**Data listing**
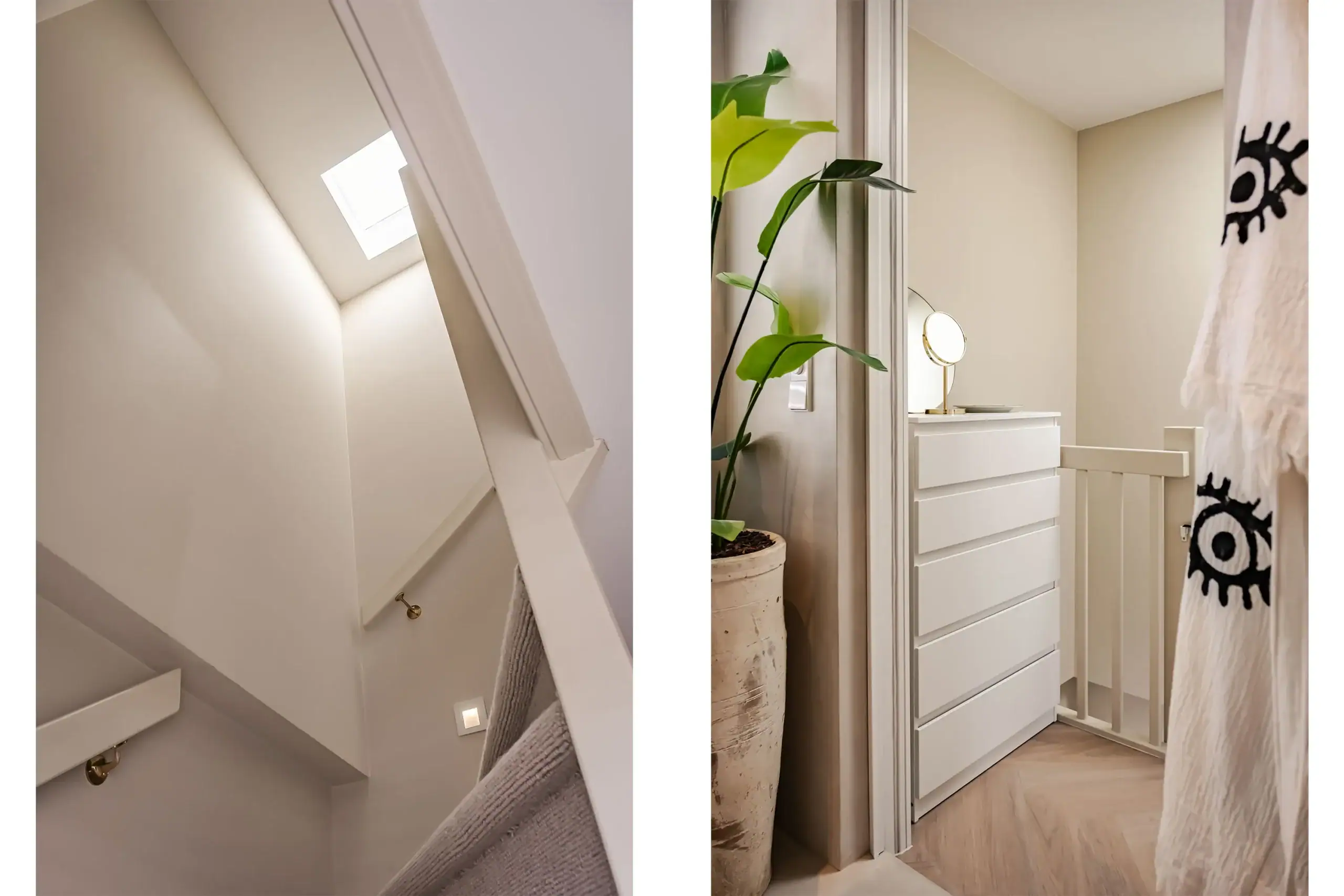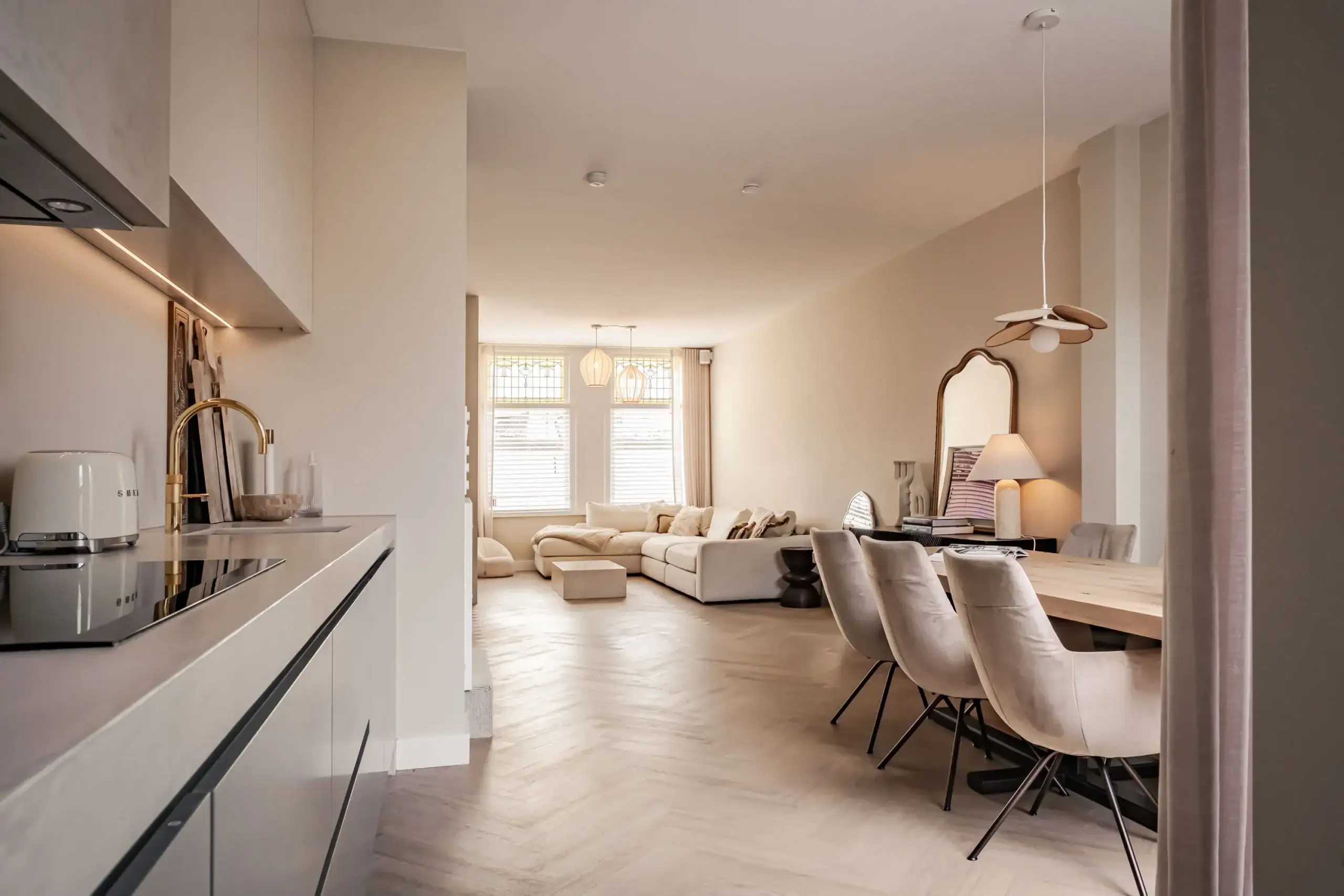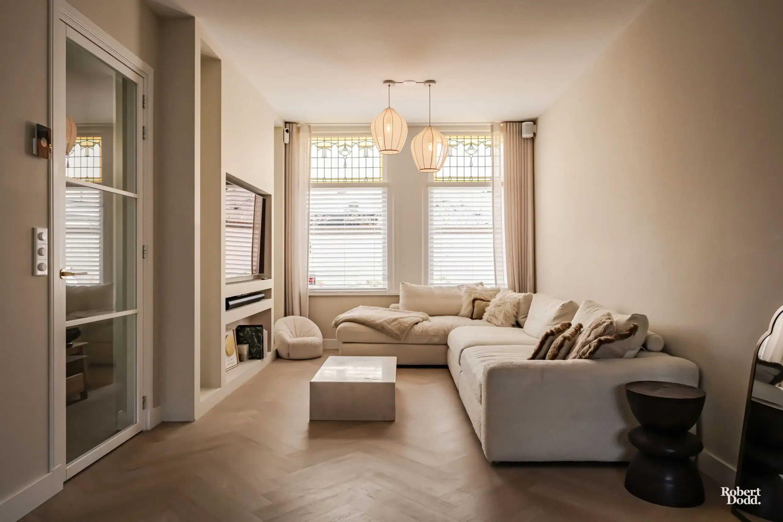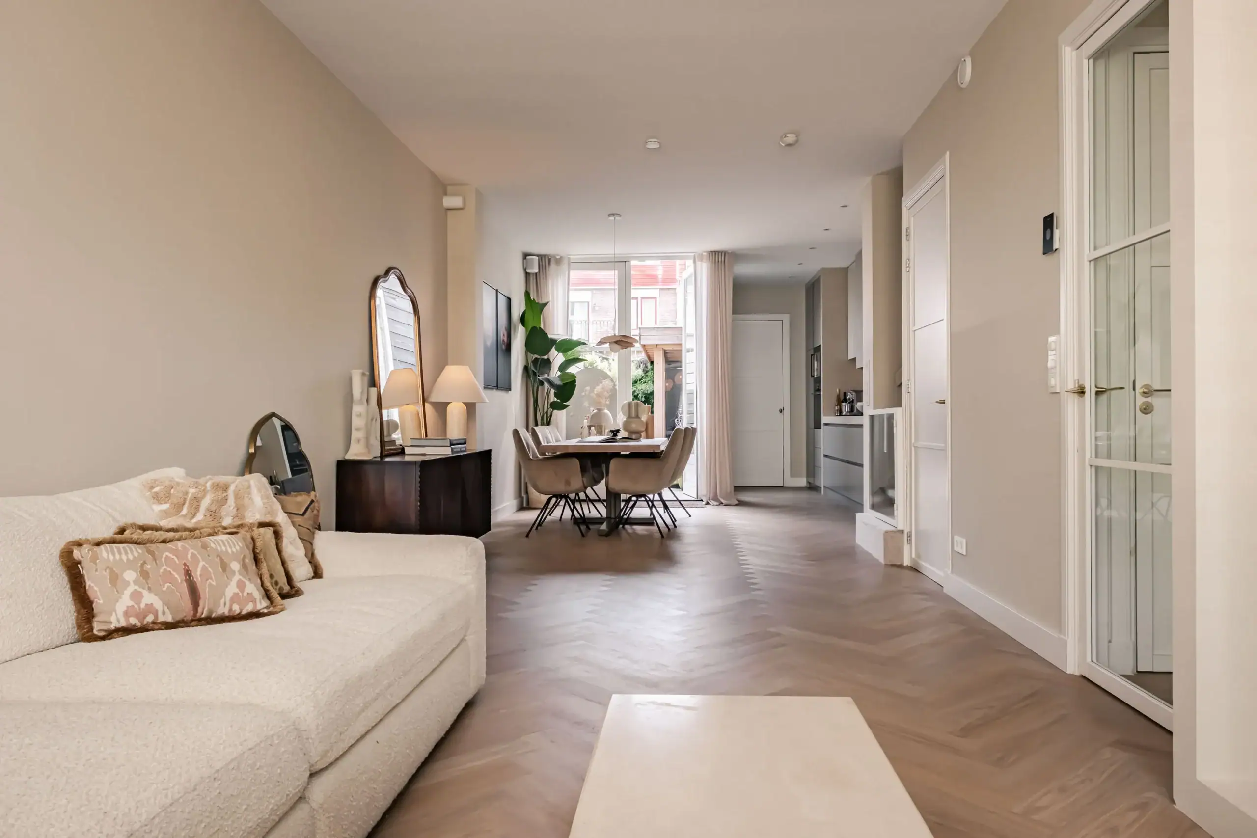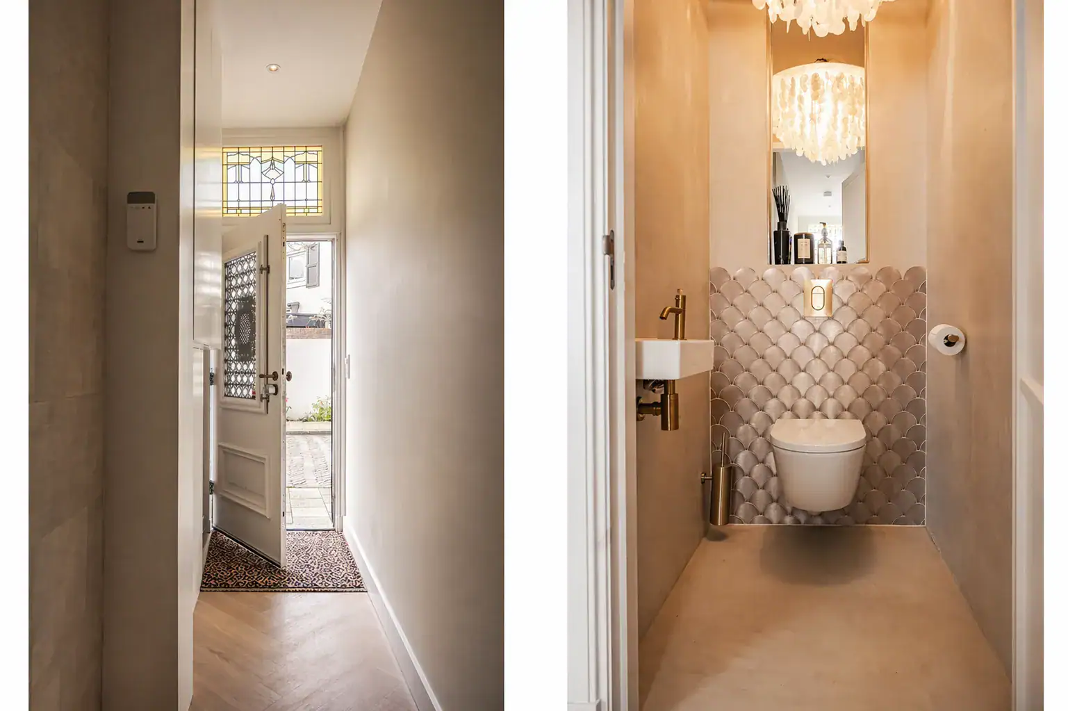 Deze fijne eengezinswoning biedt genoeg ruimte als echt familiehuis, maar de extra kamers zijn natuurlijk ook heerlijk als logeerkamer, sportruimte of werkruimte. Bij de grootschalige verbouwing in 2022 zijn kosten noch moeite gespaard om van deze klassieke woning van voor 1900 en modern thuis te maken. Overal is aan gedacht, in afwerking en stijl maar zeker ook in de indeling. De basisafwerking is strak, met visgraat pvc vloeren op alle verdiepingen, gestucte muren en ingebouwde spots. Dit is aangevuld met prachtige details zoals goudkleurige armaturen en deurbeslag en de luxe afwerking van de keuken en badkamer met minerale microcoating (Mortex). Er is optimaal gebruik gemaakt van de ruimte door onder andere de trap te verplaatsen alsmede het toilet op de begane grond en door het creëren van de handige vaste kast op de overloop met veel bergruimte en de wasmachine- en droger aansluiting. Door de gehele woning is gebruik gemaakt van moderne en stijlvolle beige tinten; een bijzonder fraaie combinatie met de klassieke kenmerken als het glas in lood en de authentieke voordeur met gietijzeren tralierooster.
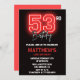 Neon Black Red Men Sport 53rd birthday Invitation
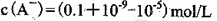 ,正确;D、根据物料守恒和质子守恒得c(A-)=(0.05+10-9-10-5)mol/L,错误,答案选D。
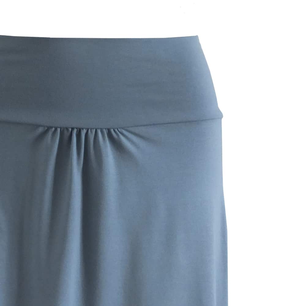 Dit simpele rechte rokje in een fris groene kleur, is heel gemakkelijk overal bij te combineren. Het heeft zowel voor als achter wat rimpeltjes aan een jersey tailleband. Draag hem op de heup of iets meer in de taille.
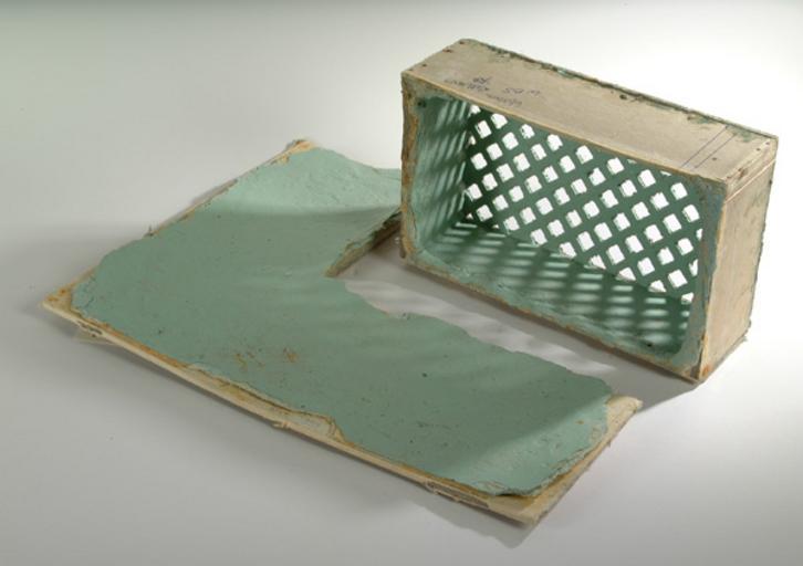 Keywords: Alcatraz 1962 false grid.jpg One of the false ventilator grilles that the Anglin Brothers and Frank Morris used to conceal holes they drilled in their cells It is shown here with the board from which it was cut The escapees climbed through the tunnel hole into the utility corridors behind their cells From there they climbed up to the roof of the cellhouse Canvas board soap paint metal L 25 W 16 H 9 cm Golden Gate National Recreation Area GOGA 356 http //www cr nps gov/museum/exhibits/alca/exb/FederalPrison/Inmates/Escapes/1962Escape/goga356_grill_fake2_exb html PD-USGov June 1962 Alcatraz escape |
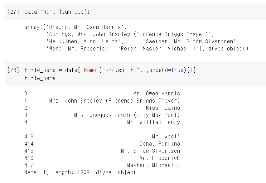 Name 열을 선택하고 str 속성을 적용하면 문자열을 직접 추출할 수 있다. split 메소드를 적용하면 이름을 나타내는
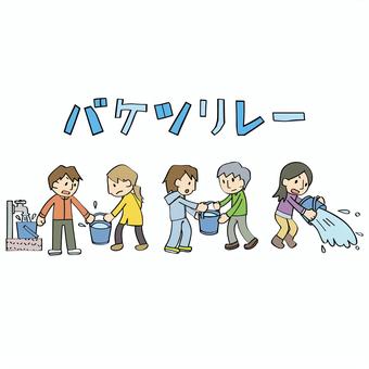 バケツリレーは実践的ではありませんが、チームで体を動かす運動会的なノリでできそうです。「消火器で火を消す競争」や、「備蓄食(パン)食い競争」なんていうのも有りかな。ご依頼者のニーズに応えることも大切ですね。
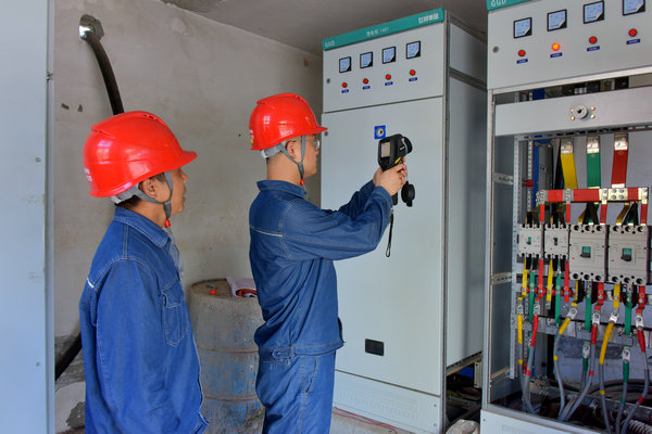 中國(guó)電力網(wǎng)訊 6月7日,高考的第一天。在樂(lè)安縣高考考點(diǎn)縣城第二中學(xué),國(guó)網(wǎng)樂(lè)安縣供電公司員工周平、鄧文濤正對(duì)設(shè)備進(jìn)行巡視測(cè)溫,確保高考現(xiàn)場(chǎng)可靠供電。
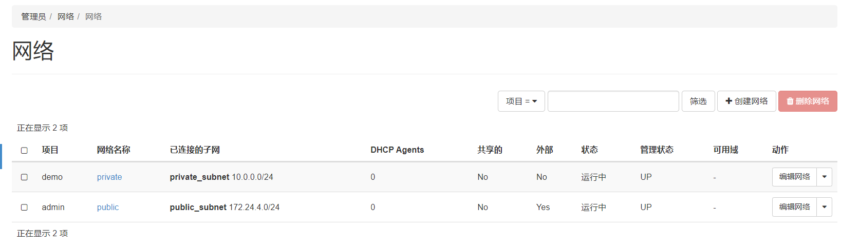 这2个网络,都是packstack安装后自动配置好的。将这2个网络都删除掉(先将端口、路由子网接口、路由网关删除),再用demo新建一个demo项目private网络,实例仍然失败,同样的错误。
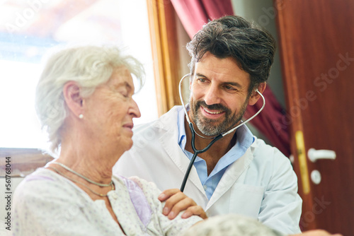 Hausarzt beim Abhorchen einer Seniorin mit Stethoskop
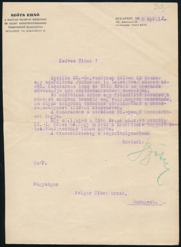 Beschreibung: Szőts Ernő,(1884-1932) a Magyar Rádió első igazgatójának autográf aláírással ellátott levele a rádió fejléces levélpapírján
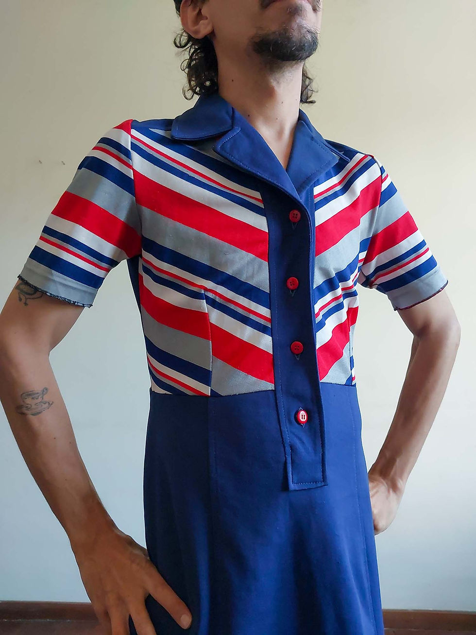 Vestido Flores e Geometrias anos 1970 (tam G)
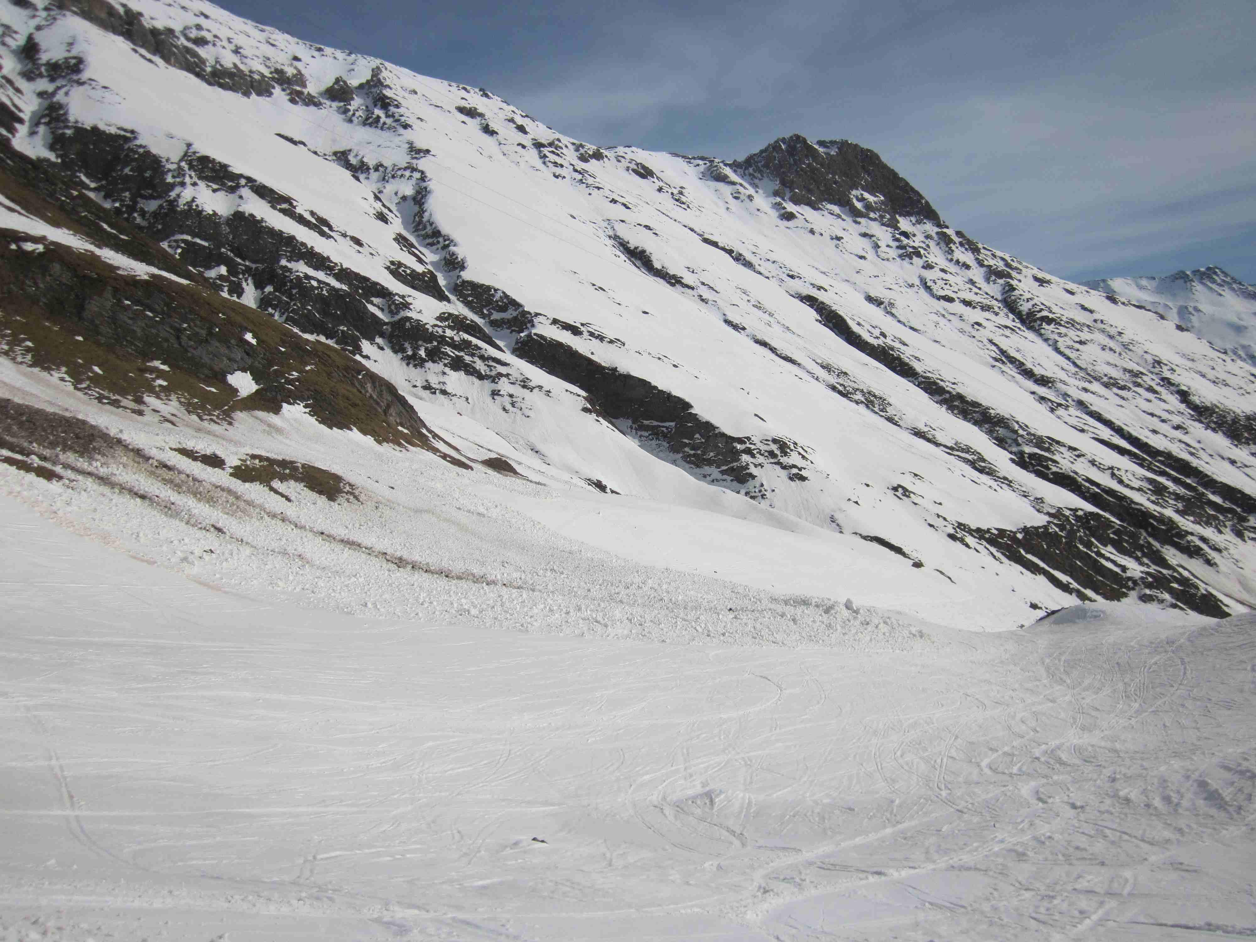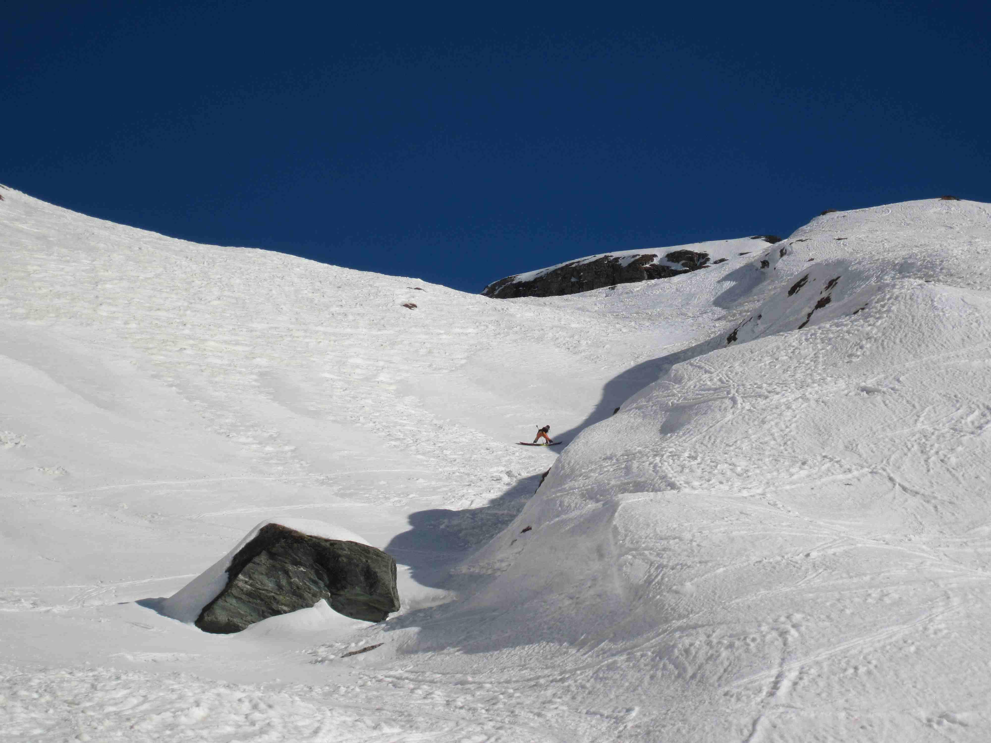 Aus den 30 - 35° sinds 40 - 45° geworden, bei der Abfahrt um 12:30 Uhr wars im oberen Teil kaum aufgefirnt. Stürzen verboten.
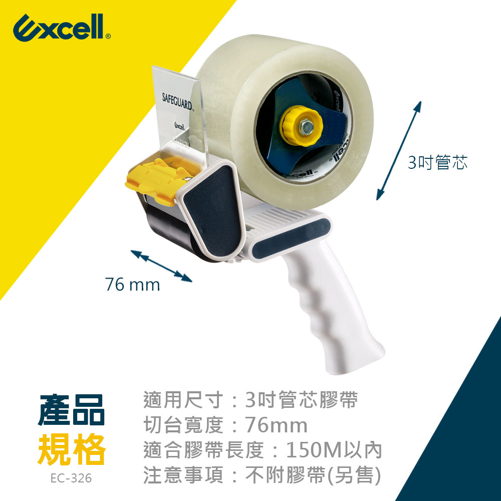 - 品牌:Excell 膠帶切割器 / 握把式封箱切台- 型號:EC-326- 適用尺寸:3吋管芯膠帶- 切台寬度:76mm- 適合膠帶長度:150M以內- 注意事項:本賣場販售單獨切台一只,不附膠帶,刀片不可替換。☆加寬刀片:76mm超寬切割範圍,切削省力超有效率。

**What the task asks**
Take the material above and output only the lines from the one that contains "Keywords: Alcatraz 1962" through the one that contains "中國(guó)電力網(wǎn", ends included and images left out.

**Solution for this problem**
 Keywords: Alcatraz 1962 false grid.jpg One of the false ventilator grilles that the Anglin Brothers and Frank Morris used to conceal holes they drilled in their cells It is shown here with the board from which it was cut The escapees climbed through the tunnel hole into the utility corridors behind their cells From there they climbed up to the roof of the cellhouse Canvas board soap paint metal L 25 W 16 H 9 cm Golden Gate National Recreation Area GOGA 356 http //www cr nps gov/museum/exhibits/alca/exb/FederalPrison/Inmates/Escapes/1962Escape/goga356_grill_fake2_exb html PD-USGov June 1962 Alcatraz escape |
 Name 열을 선택하고 str 속성을 적용하면 문자열을 직접 추출할 수 있다. split 메소드를 적용하면 이름을 나타내는
 バケツリレーは実践的ではありませんが、チームで体を動かす運動会的なノリでできそうです。「消火器で火を消す競争」や、「備蓄食(パン)食い競争」なんていうのも有りかな。ご依頼者のニーズに応えることも大切ですね。
 中國(guó)電力網(wǎng)訊 6月7日,高考的第一天。在樂(lè)安縣高考考點(diǎn)縣城第二中學(xué),國(guó)網(wǎng)樂(lè)安縣供電公司員工周平、鄧文濤正對(duì)設(shè)備進(jìn)行巡視測(cè)溫,確保高考現(xiàn)場(chǎng)可靠供電。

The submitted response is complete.